So, SEO-people are sly people, they calmly arbitrate and build-and-sell PBN’s, and in between, they hold consultations that are similar to business training. But those who are engaged in the so-called "white SEO" and are trying to help clients, have to suffer and feel negativity and skepticism. In this article, we will try to shed light on "what is SEO" and dispel the most popular myths related to it.

What is SEO?
According to Wikipedia,

"Search engine optimization (SEO) is the process of increasing the quality and quantity of website traffic by increasing the visibility of a website or a web page to users of a web search engine. SEO refers to the improvement of unpaid results (known as "natural" or "organic" results) and excludes direct traffic/visitors and the purchase of paid placement. SEO may target different kinds of searches, including image search, video search, academic search, news search, and industry-specific vertical search engines".

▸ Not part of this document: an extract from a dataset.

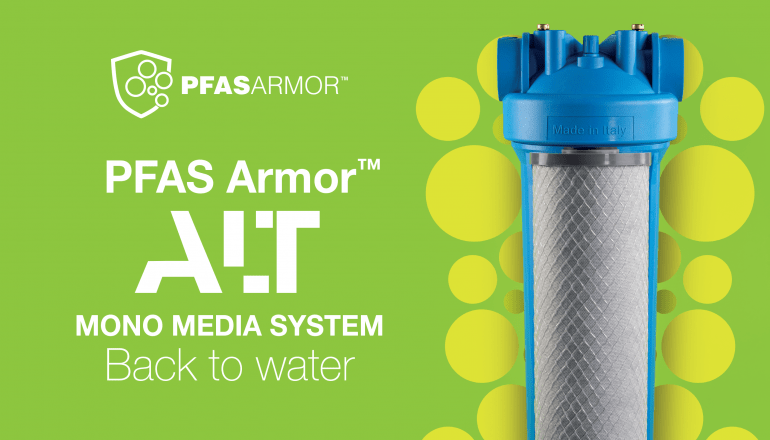 Atlas Filtri präsentiert das neue PFAS Armor™ ALT Mono Media System, ein fortschrittliches, gebrauchsfertiges System, das Familien mit sichererem, von unerwünschtem Geschmack und Geruch freiem Wasser versorgt. Dank seiner innovativen Technologie ist PFAS Armor™ in der Lage, 95 %* der PFAS (PFOA und PFOS) zu reduzieren und gleichzeitig den Geschmack und Geruch des Wassers zu verbessern.

Simply put, it's about working with a site to make it user-friendly and understandable to search engine robots (let's call it a general rule). How to achieve this? Here are some basic aspects:

  • complete internal site optimization;
  • useful and interesting content;
  • correct external optimization.

Let's look at these aspects in more detail.

Internal optimization

Have you ever thought about how long are you ready to wait for the page to load? Or for a movie to load? Or how much time does the page need to show all the content that you are interested in? Maybe, some fans are ready to wait 10-15 seconds for their favorite website to load, but usually, if the site is not that important, people will not be that patient. And what if you click on a product or category that interests you, and you see a page missing? What is the likelihood that you will come back and keep looking? Spoiler: practically zero.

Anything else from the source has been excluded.